WHAT YOU HAVE TO DO:
For the listing below, the answer is an exact retyping of the lines from the one with "這是兩隊(duì)本賽季的第" through the one with "The paper presents", both included, without pictures.

▬▬▬▬▬▬

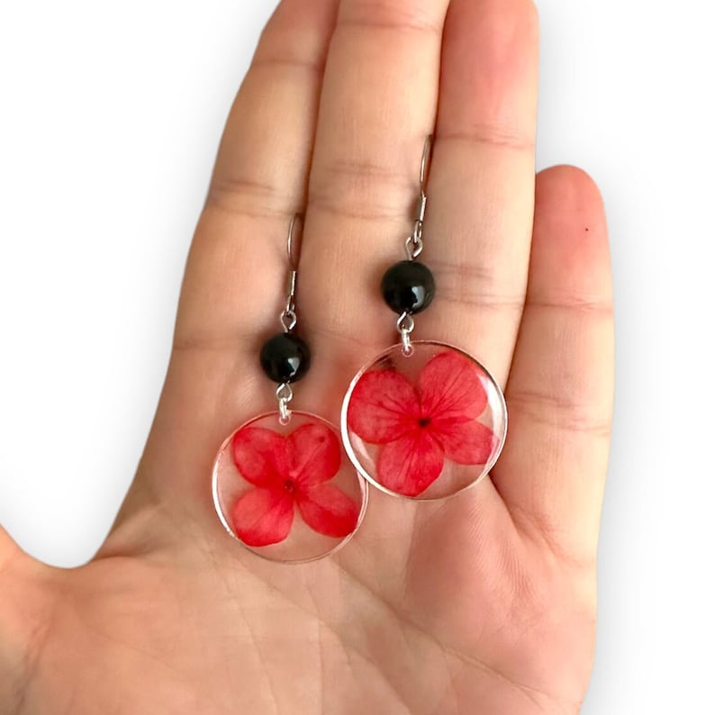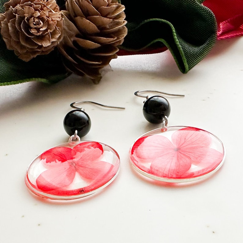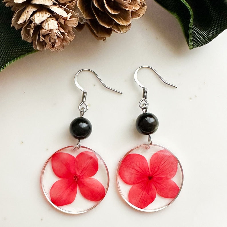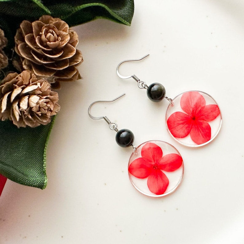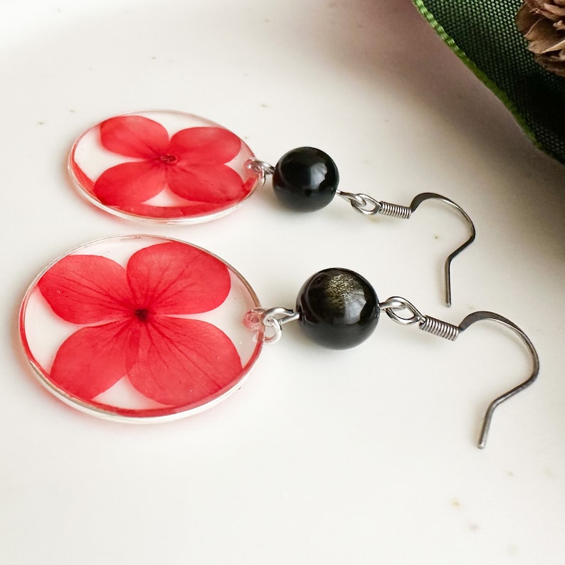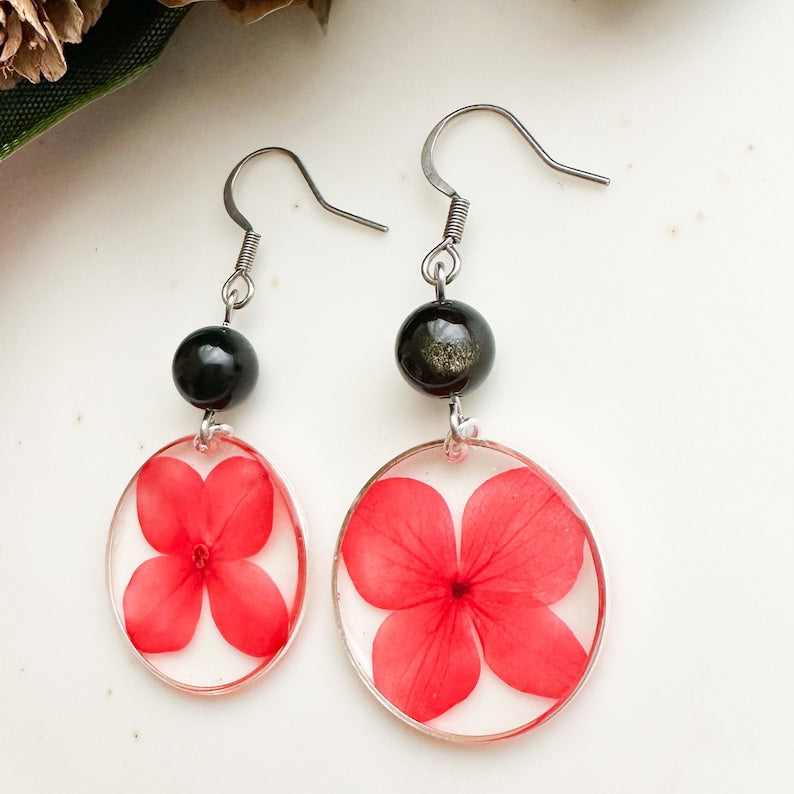 Colored resin earrings, Red flower earrings, Black stone earrings, Obsidian earrings, Stainless steel earrings, Gift idea Woman
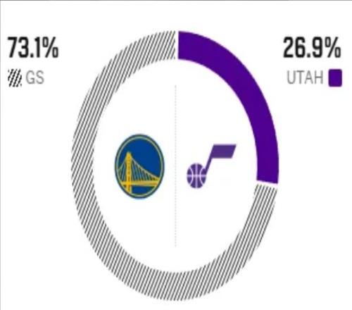 這是兩隊(duì)本賽季的第三次交手,前兩次交鋒均以勇士大勝告終,優(yōu)勢非常明顯。賽前,美媒ESPN對本場比賽進(jìn)行了勝率預(yù)測,勇士隊(duì)勝率高達(dá)73.1%,一騎絕塵,爵士隊(duì)勝率則僅有26.9% ,還是不被外界看好。
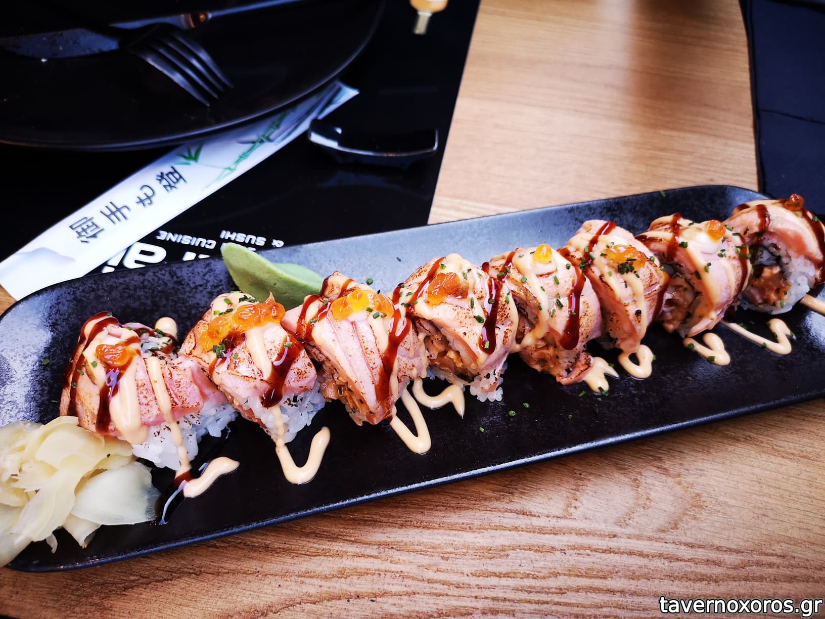 "Ρολό με ταρτάρ σολομού, μαρμελάδα πιπεριάς Φλωρίνης με τσίλι, καψαλισμένες φέτες σολομού & μπρικ" (μια χαρά)
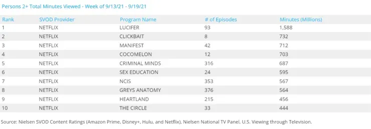 Clickbait se mantiene en el segundo lugar (732 millones de minutos), mientras que Manifest ocupa la tercera plaza (712 millones de minutos). Por el momento Netflix no ha comunicado sus números, pero de acuerdo a lo mostrado por Nielsen el gran éxito del mes hasta ahora es Lucifer.
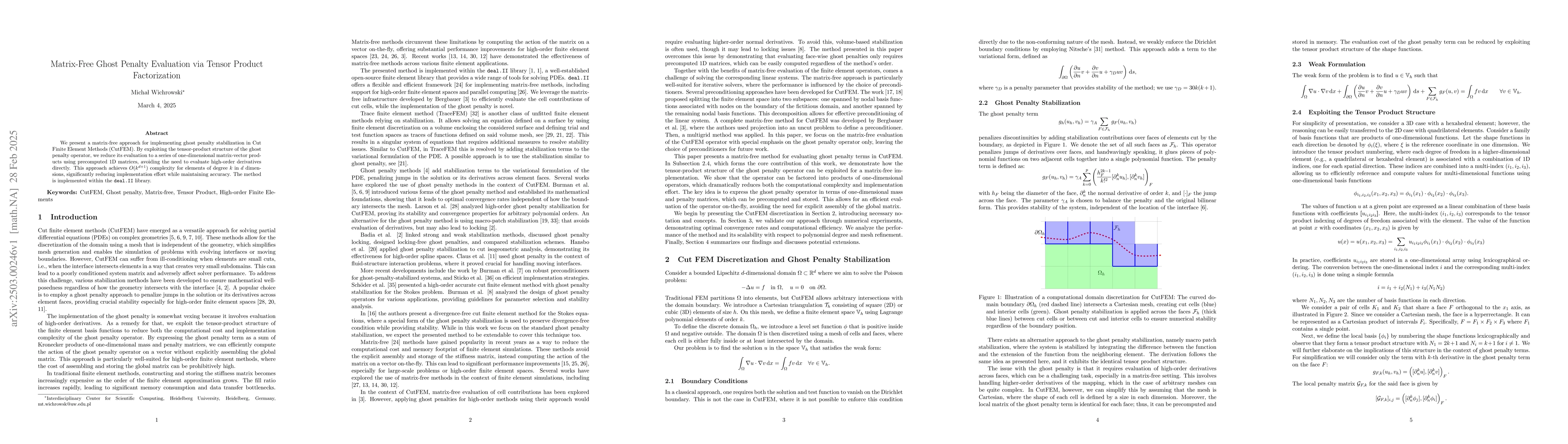 The paper presents a matrix-free approach for implementing ghost penalty stabilization in Cut Finite Element Methods (CutFEM) by exploiting the tensor-product structure of the ghost penalty operator, reducing its evaluation to a series of one-dimensional matrix-vector products using precomputed 1D matrices.
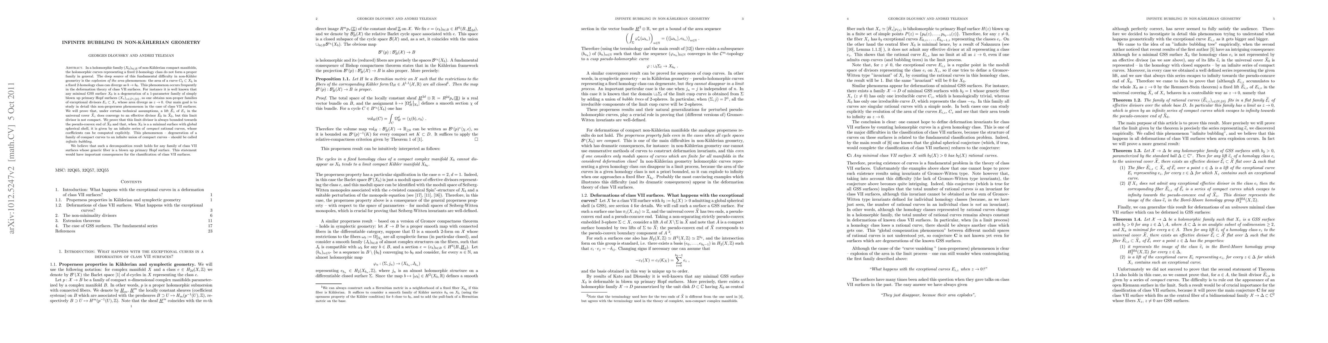 In a holomorphic family $(X_b)_{b\in B}$ of non-K\"ahlerian compact manifolds, the holomorphic curves representing a fixed 2-homology class do not form a proper family in general. The deep source of this fundamental difficulty in non-K\"ahler geometry is the {\it explosion of the area} phenomenon: the area of a curve $C_b\subset X_b$ in a fixed 2-homology class can diverge as $b\to b_0$. This phenomenon occurs frequently in the deformation theory of class VII surfaces. For instance it is well known that any minimal GSS surface $X_0$ is a degeneration of a 1-parameter family of simply blown up primary Hopf surfaces $(X_z)_{z\in D\setminus\{0\}}$, so one obtains non-proper families of exceptional divisors $E_z\subset X_z$ whose area diverge as $z\to 0$. Our main goal is to study in detail this non-properness phenomenon in the case of class VII surfaces. We will prove that, under certain technical assumptions, a lift $\widetilde E_z$ of $E_z$ in the universal cover $\widetilde X_z$ does converge to an effective divisor $\widetilde E_0$ in $\widetilde X_0$, but this limit divisor is not compact. We prove that this limit divisor is always bounded towards the pseudo-convex end of $\widetilde X_0$ and that, when $X_0$ is a a minimal surface with global spherical shell, it is given by an infinite series of {\it compact} rational curves, whose coefficients can be computed explicitly. This phenomenon - degeneration of a family of compact curves to an infinite union of compact curves - should be called {\it infinite bubbling}. We believe that such a decomposition result holds for any family of class VII surfaces whose generic fiber is a blown up primary Hopf surface. This statement would have important consequences for the classification of class VII surfaces.
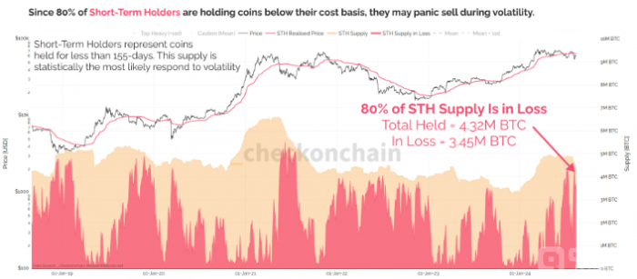 鏈上分析師 James Check 指出,超過80%的短期Bitcoin持有者在購買時的價格高于當(dāng)前價格,這使他們面臨虧損風(fēng)險。短期持有者是指持有Bitcoin時間少于155天的人。Check 警告稱,如果這些投資者開始恐慌性拋售,可能會導(dǎo)致價格進一步下跌,這種情況類似于2018年、2019年和2021年中期的市場走勢,當(dāng)時許多投資者因恐慌而引發(fā)了看跌趨勢。
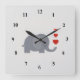 A very cute illustration of a simple minimalist cartoon elephant trumpeting red hearts out of his trunk against a light grey background. This cute and whimsical design would be perfect for kid's and children or for anyone who loves cute elephants or for Valentine's Day.
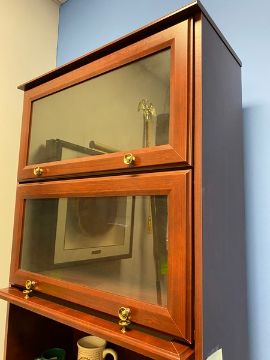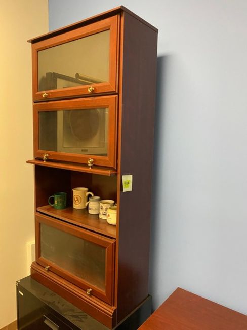3 matching pieces with contents. 2 glass door showcases (29"W x12"D x60"H) and 1 matching credenza (65.5"W x 21"D x 30"H) (Elevator Handling Fee $30) (Located New Brunswick, NJ)

▬▬▬▬▬▬

TASK SOLUTION:
 這是兩隊(duì)本賽季的第三次交手,前兩次交鋒均以勇士大勝告終,優(yōu)勢非常明顯。賽前,美媒ESPN對本場比賽進(jìn)行了勝率預(yù)測,勇士隊(duì)勝率高達(dá)73.1%,一騎絕塵,爵士隊(duì)勝率則僅有26.9% ,還是不被外界看好。
 "Ρολό με ταρτάρ σολομού, μαρμελάδα πιπεριάς Φλωρίνης με τσίλι, καψαλισμένες φέτες σολομού & μπρικ" (μια χαρά)
 Clickbait se mantiene en el segundo lugar (732 millones de minutos), mientras que Manifest ocupa la tercera plaza (712 millones de minutos). Por el momento Netflix no ha comunicado sus números, pero de acuerdo a lo mostrado por Nielsen el gran éxito del mes hasta ahora es Lucifer.
 The paper presents a matrix-free approach for implementing ghost penalty stabilization in Cut Finite Element Methods (CutFEM) by exploiting the tensor-product structure of the ghost penalty operator, reducing its evaluation to a series of one-dimensional matrix-vector products using precomputed 1D matrices.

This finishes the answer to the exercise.